(Beginning of Records shown)

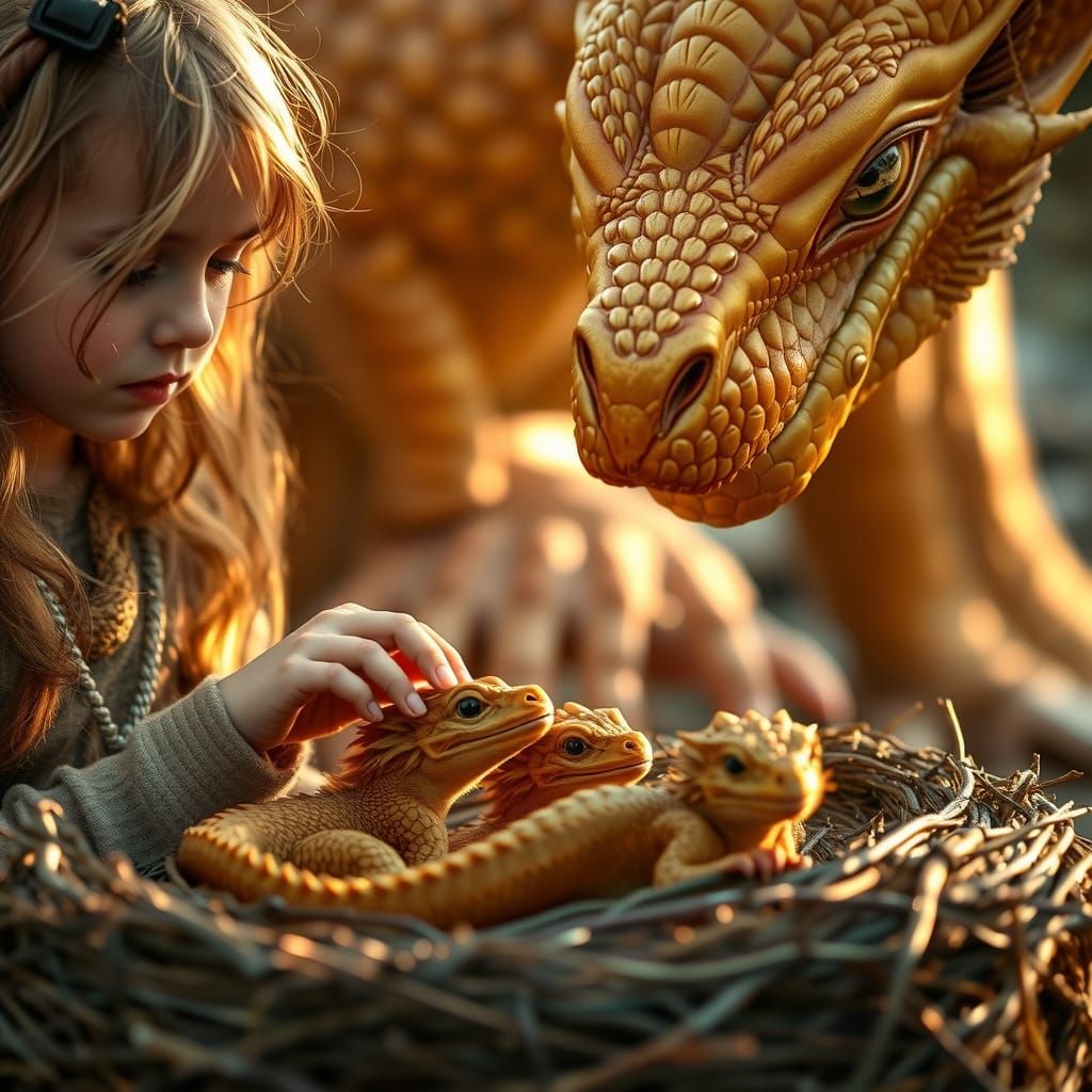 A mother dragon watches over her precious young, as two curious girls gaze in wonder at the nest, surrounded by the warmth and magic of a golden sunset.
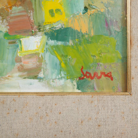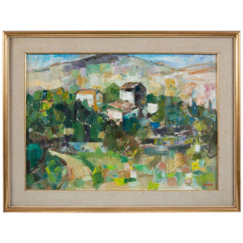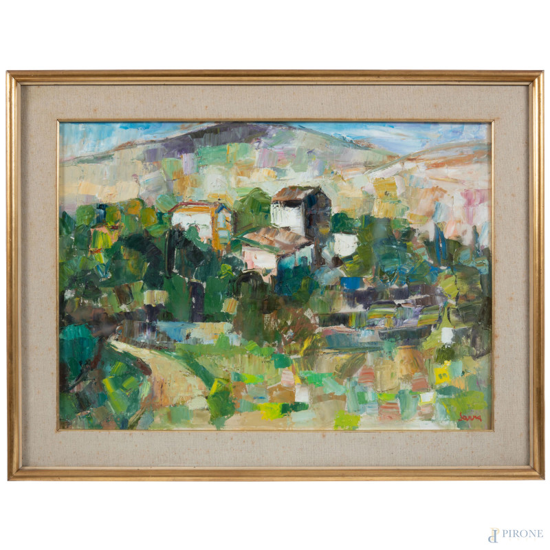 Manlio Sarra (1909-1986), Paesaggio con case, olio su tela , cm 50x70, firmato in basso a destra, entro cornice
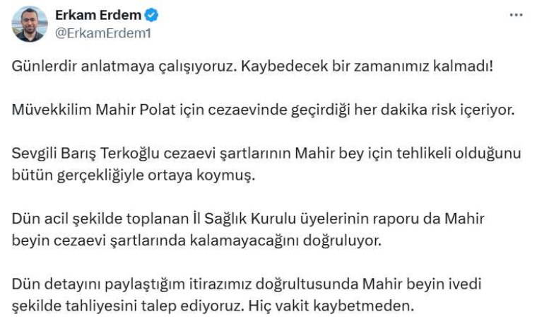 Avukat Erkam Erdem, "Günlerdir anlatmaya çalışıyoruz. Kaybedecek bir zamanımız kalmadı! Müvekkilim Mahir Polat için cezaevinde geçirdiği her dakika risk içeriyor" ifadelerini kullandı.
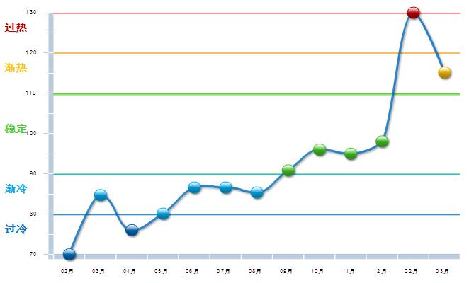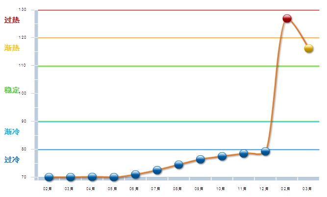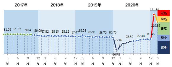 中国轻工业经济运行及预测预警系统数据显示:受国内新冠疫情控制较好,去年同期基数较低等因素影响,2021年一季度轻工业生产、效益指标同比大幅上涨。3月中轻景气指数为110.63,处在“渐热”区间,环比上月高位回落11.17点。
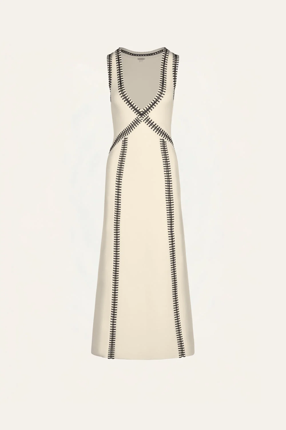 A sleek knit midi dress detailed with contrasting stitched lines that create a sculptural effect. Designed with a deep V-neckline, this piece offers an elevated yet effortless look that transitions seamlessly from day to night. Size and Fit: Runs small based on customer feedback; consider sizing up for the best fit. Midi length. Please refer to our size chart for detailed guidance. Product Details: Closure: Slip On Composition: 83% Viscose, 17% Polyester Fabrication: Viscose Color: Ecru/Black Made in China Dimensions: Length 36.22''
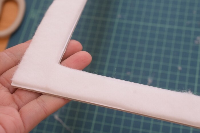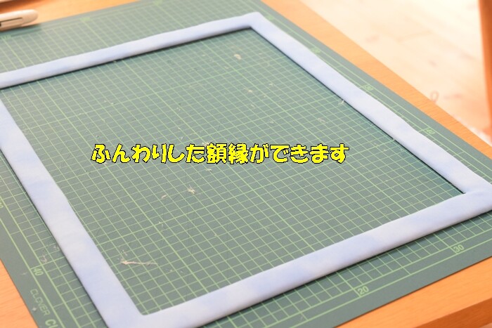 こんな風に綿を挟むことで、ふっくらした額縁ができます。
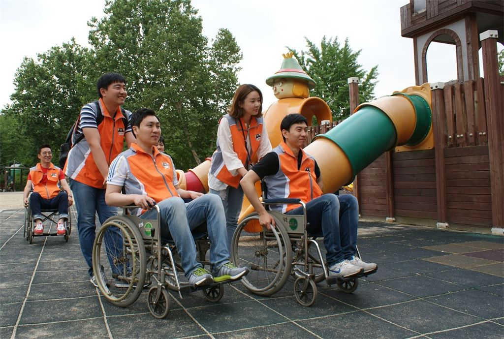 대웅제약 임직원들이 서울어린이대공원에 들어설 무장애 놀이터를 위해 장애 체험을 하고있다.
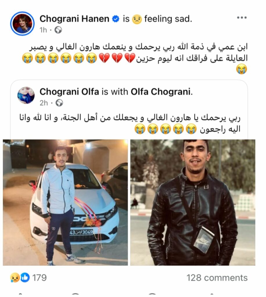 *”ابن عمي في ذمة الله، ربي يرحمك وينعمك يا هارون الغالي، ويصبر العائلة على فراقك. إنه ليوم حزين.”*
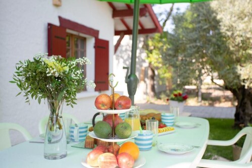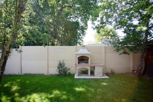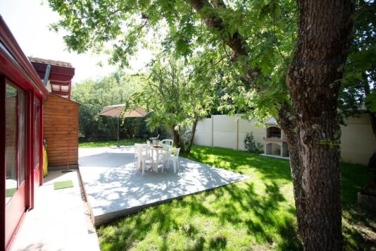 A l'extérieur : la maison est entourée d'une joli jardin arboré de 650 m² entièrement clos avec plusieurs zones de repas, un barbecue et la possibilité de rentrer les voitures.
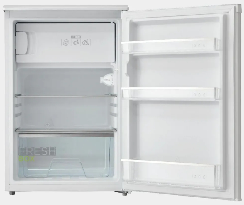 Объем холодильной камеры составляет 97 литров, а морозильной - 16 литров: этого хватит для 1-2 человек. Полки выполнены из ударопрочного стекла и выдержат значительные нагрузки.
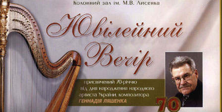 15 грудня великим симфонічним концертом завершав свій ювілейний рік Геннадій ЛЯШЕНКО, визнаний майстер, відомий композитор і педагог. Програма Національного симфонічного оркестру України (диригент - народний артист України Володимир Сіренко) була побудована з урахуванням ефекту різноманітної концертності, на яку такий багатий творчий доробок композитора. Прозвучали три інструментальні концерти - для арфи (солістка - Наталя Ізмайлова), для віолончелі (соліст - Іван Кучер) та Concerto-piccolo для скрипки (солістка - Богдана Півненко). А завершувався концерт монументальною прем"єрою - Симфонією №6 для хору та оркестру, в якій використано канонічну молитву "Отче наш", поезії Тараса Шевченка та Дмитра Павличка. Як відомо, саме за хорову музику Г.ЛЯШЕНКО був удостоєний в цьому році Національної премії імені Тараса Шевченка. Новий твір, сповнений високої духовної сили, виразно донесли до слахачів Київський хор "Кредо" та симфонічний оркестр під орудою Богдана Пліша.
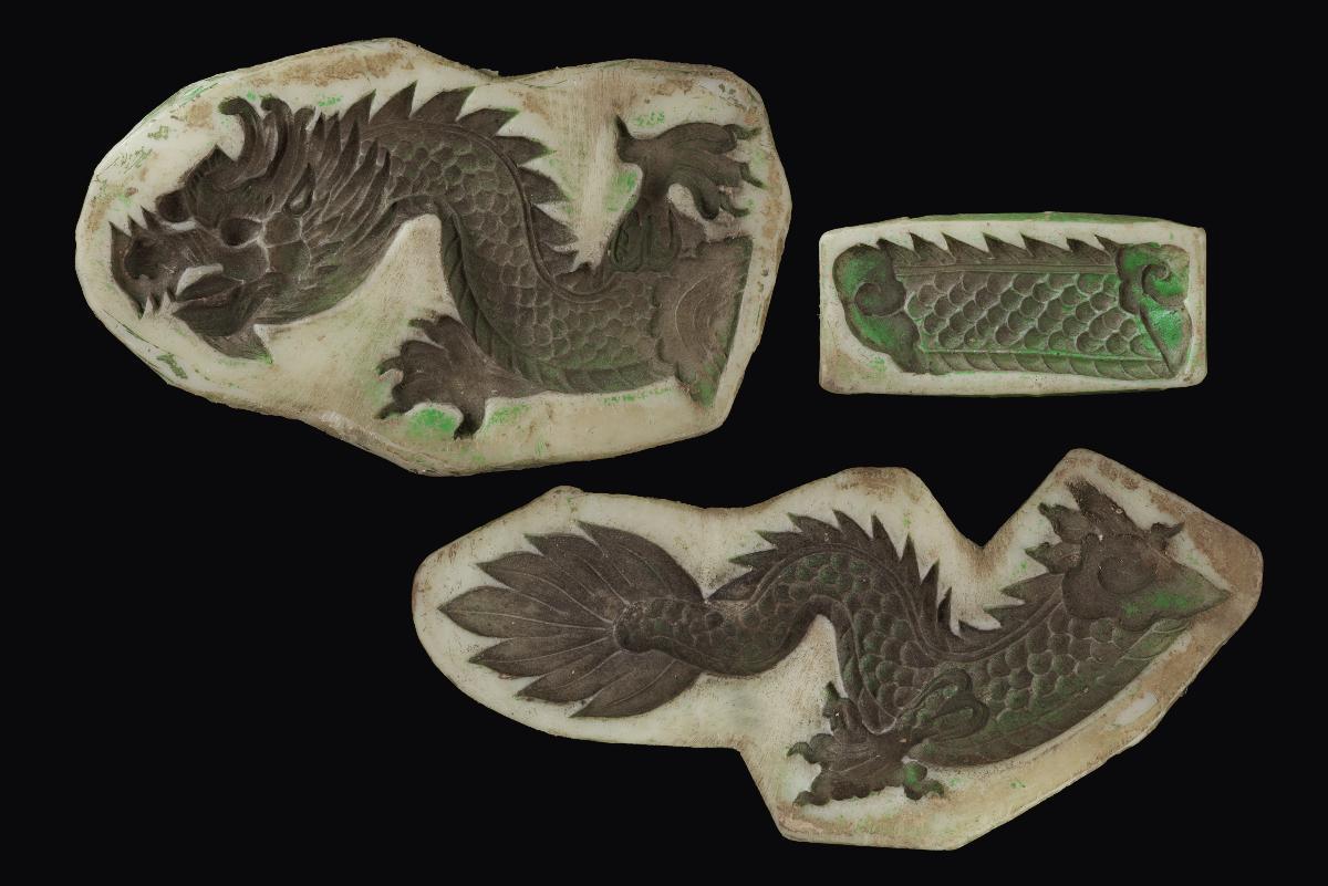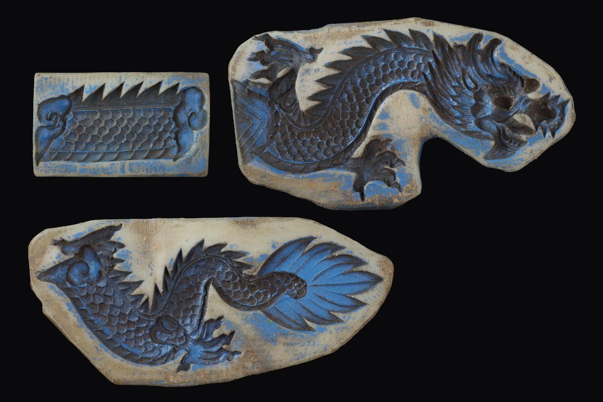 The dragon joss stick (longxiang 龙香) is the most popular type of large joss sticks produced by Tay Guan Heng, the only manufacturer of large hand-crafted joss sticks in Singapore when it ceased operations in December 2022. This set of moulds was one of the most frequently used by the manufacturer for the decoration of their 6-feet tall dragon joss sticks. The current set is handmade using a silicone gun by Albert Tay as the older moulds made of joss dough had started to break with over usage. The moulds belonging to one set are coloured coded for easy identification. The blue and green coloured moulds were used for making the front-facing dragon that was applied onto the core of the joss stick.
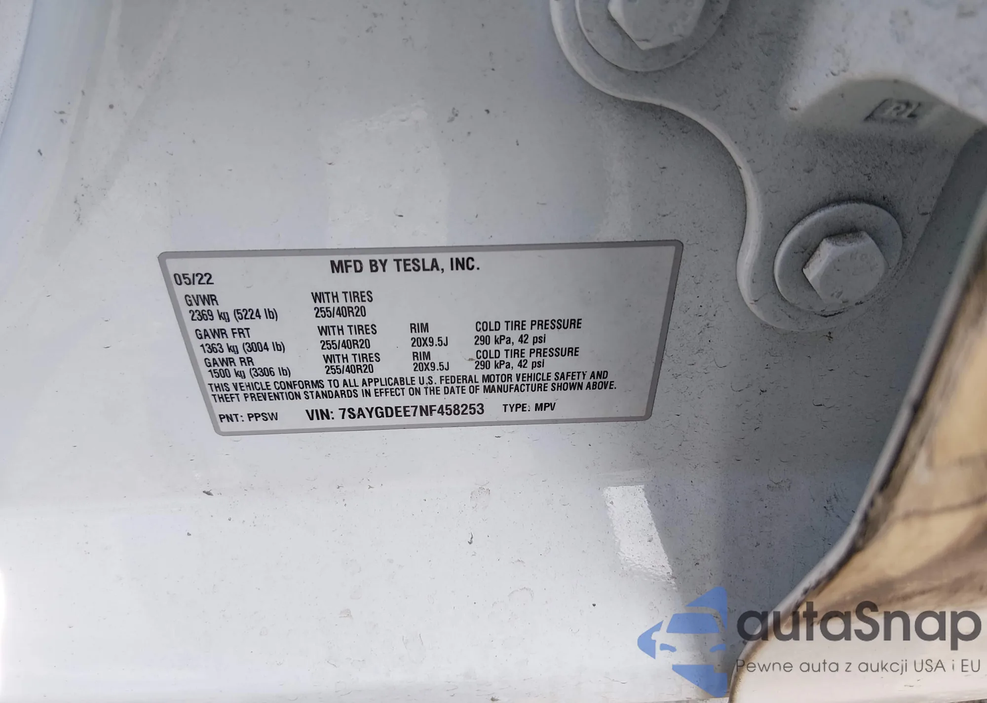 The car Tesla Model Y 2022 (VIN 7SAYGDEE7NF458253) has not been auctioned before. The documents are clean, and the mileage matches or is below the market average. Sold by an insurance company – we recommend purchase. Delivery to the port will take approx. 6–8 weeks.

(End of Records shown)

## Problem
Reproduce each line above precisely, with no pictures.

## Solution to this task
 A mother dragon watches over her precious young, as two curious girls gaze in wonder at the nest, surrounded by the warmth and magic of a golden sunset.
 Manlio Sarra (1909-1986), Paesaggio con case, olio su tela , cm 50x70, firmato in basso a destra, entro cornice
 Avukat Erkam Erdem, "Günlerdir anlatmaya çalışıyoruz. Kaybedecek bir zamanımız kalmadı! Müvekkilim Mahir Polat için cezaevinde geçirdiği her dakika risk içeriyor" ifadelerini kullandı.
 中国轻工业经济运行及预测预警系统数据显示:受国内新冠疫情控制较好,去年同期基数较低等因素影响,2021年一季度轻工业生产、效益指标同比大幅上涨。3月中轻景气指数为110.63,处在“渐热”区间,环比上月高位回落11.17点。
 A sleek knit midi dress detailed with contrasting stitched lines that create a sculptural effect. Designed with a deep V-neckline, this piece offers an elevated yet effortless look that transitions seamlessly from day to night. Size and Fit: Runs small based on customer feedback; consider sizing up for the best fit. Midi length. Please refer to our size chart for detailed guidance. Product Details: Closure: Slip On Composition: 83% Viscose, 17% Polyester Fabrication: Viscose Color: Ecru/Black Made in China Dimensions: Length 36.22''
 こんな風に綿を挟むことで、ふっくらした額縁ができます。
 대웅제약 임직원들이 서울어린이대공원에 들어설 무장애 놀이터를 위해 장애 체험을 하고있다.
 *”ابن عمي في ذمة الله، ربي يرحمك وينعمك يا هارون الغالي، ويصبر العائلة على فراقك. إنه ليوم حزين.”*
 A l'extérieur : la maison est entourée d'une joli jardin arboré de 650 m² entièrement clos avec plusieurs zones de repas, un barbecue et la possibilité de rentrer les voitures.
 Объем холодильной камеры составляет 97 литров, а морозильной - 16 литров: этого хватит для 1-2 человек. Полки выполнены из ударопрочного стекла и выдержат значительные нагрузки.
 15 грудня великим симфонічним концертом завершав свій ювілейний рік Геннадій ЛЯШЕНКО, визнаний майстер, відомий композитор і педагог. Програма Національного симфонічного оркестру України (диригент - народний артист України Володимир Сіренко) була побудована з урахуванням ефекту різноманітної концертності, на яку такий багатий творчий доробок композитора. Прозвучали три інструментальні концерти - для арфи (солістка - Наталя Ізмайлова), для віолончелі (соліст - Іван Кучер) та Concerto-piccolo для скрипки (солістка - Богдана Півненко). А завершувався концерт монументальною прем"єрою - Симфонією №6 для хору та оркестру, в якій використано канонічну молитву "Отче наш", поезії Тараса Шевченка та Дмитра Павличка. Як відомо, саме за хорову музику Г.ЛЯШЕНКО був удостоєний в цьому році Національної премії імені Тараса Шевченка. Новий твір, сповнений високої духовної сили, виразно донесли до слахачів Київський хор "Кредо" та симфонічний оркестр під орудою Богдана Пліша.
 The dragon joss stick (longxiang 龙香) is the most popular type of large joss sticks produced by Tay Guan Heng, the only manufacturer of large hand-crafted joss sticks in Singapore when it ceased operations in December 2022. This set of moulds was one of the most frequently used by the manufacturer for the decoration of their 6-feet tall dragon joss sticks. The current set is handmade using a silicone gun by Albert Tay as the older moulds made of joss dough had started to break with over usage. The moulds belonging to one set are coloured coded for easy identification. The blue and green coloured moulds were used for making the front-facing dragon that was applied onto the core of the joss stick.
 The car Tesla Model Y 2022 (VIN 7SAYGDEE7NF458253) has not been auctioned before. The documents are clean, and the mileage matches or is below the market average. Sold by an insurance company – we recommend purchase. Delivery to the port will take approx. 6–8 weeks.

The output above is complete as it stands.